The next model in the FluxArchitectures repository is the “Dual-Stage Attention-Based Recurrent Neural Network for Time Series Prediction”, based on the paper by Qin et. al., 2017. It claims to have a better performance than the previously implemented LSTNet
, with the additional advantage that an attention mechanism automatically tries to determine important parts of the time series, instead of introducing parameters that need to be optimized by the user.
Model Architecture
The neural network has a rather complex structure. Starting with an encoder-decoder structure, it consists of two units, one called the input attention mechanism, and a temporal attention mechanism.
-
The input attention mechanism feeds the input data to a LSTM network. In subsequent calculations, only its hidden state is used, where additional network layers try to estimate the importance of different hidden variables.
-
The temporal attention mechanism takes the hidden state of the encoder network and combines it with the hidden state of another LSTM decoder. Additional network layers try again to estimate the importance of the hidden variables of the encoder and decoder combined.
-
Linear layers combine the output of different layers to the final time series prediction.

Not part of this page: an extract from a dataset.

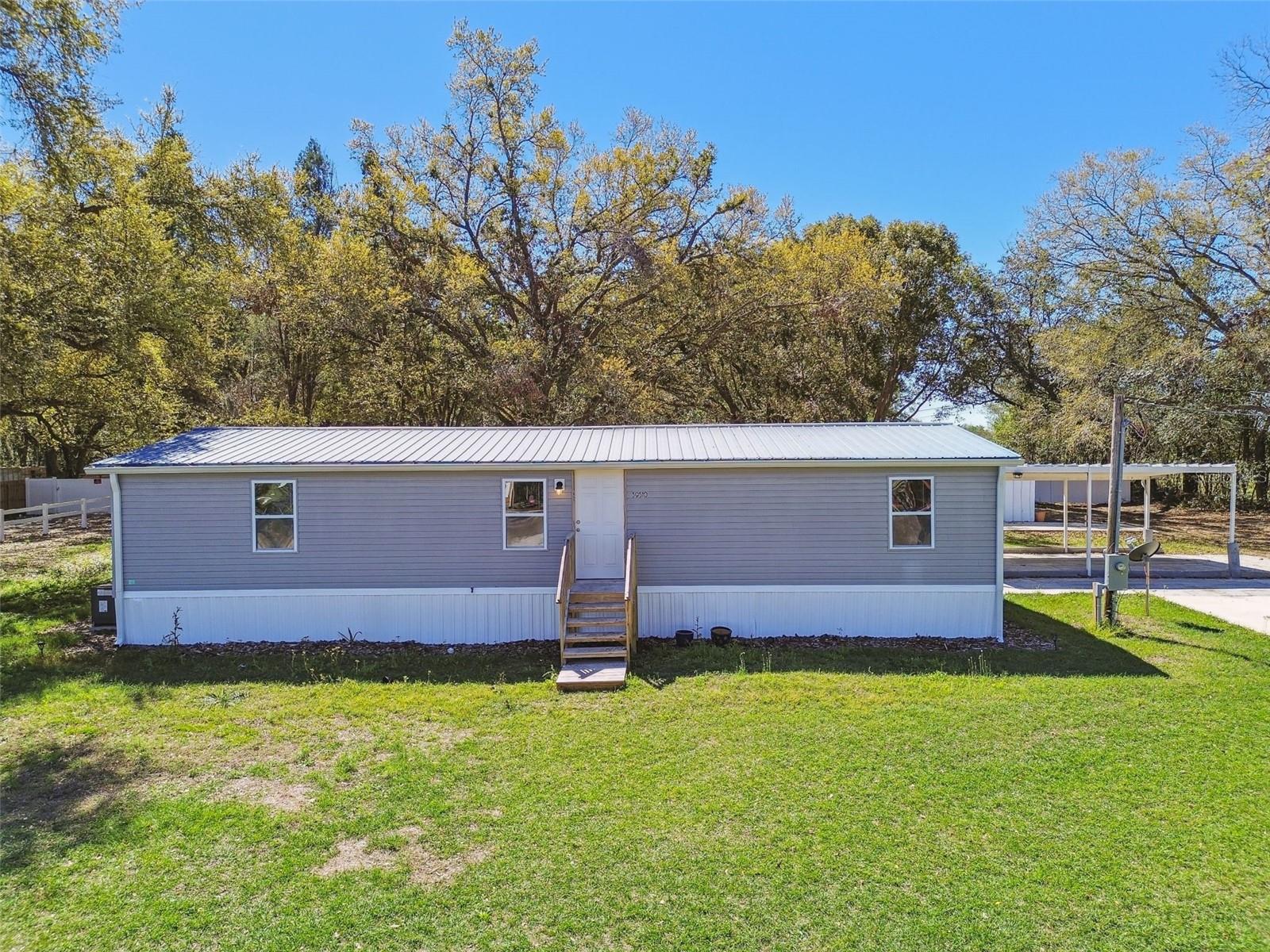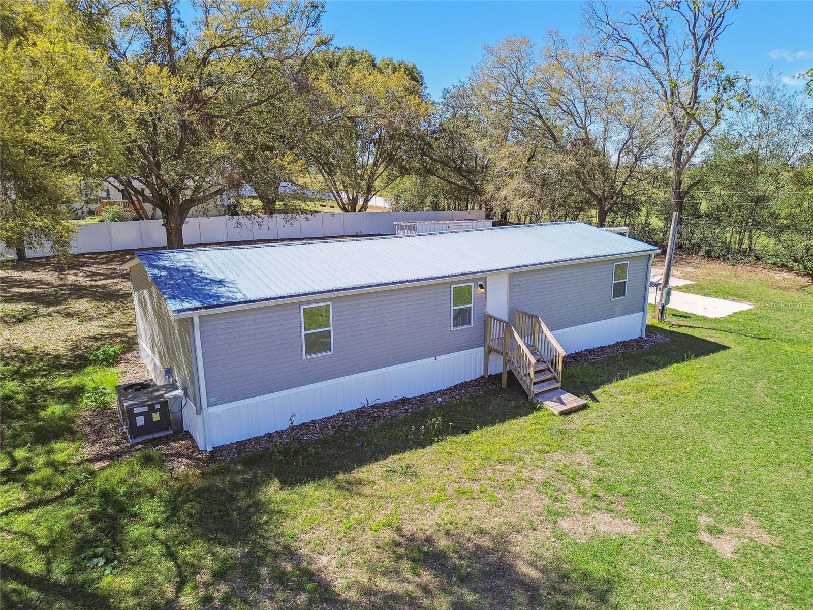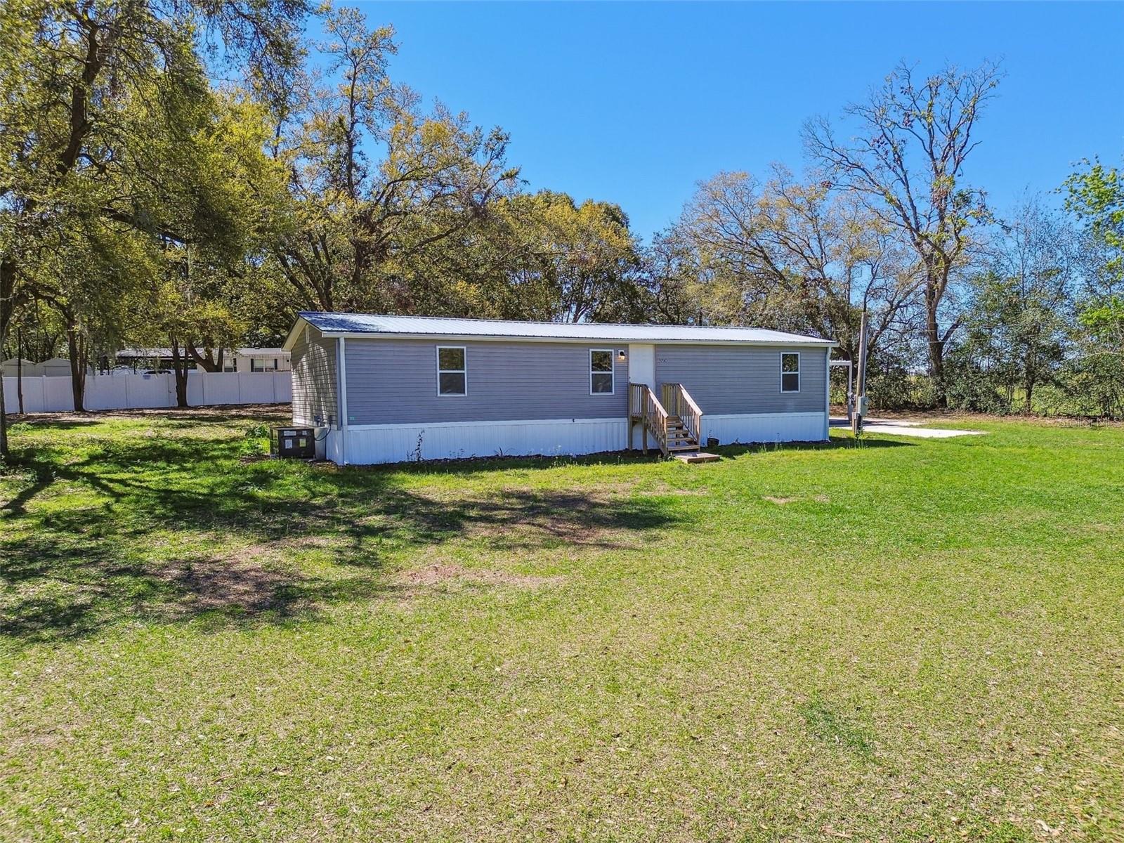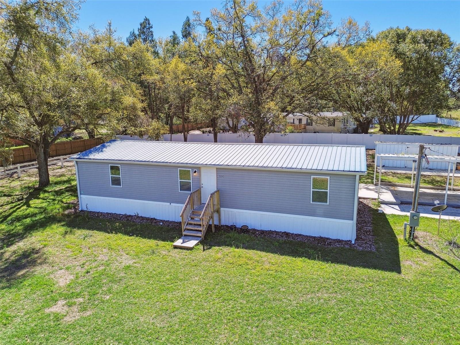 Welcome to 39510 Sunburst Drive, a fully renovated 3-bedroom, 2-bathroom home situated on a spacious 0.5-acre lot at the end of a quiet road adjacent to farmland. This home offers a peaceful, rural feel while still being just minutes from shopping, dining, and entertainment options, including a bowling alley and movie theater. Inside, you’ll find new luxury vinyl plank flooring throughout and a durable METAL ROOF, offering long-lasting protection and peace of mind. The primary suite includes a large walk-in closet, while the second bathroom features both a JETTED TUB and a RAIN SHOWER, providing a relaxing retreat. NEW AC with all new ductwork. The beautifully updated kitchen boasts BRAND-NEW GRANITE countertops and high-quality STAINLESS STEEL appliances, creating a stylish and functional cooking space. The home also includes a washer and dryer for added convenience. Outdoor living is easy with a large CONCRETE patio and an additional COVERED pad, perfect for entertaining. A shed in the backyard offers extra storage, and a concrete parking pad provides additional flexibility. The expansive lot allows space for a BOAT, RV, or WORK TRAILER, making it ideal for those who need extra parking for recreational or work vehicles. This home provides quiet country living with modern conveniences just a short drive away, making it the perfect blend of privacy and accessibility.

Our implementation follows the one for PyTorch. We start out by creating a struct
to hold all the necessary elements:
mutable struct DARNNCell{A, B, C, D, E, F, W, X, Y, Z}
# Encoder part
encoder_lstm::A
encoder_attn::B
# Decoder part
decoder_lstm::C
decoder_attn::D
decoder_fc::E
decoder_fc_final::F
# Index for original data etc
encodersize::W
decodersize::X
orig_idx::Y
poollength::Z
end
In addition to the layers we need for constructing the DA-RNN network, we also store some metadata that are needed for the calculations: The size of the encoder and decoder network, the index orig_idx
describing where in the input data the original time series can be found, and the number of time steps that the input data was pooled (corresponding to T in the following picture).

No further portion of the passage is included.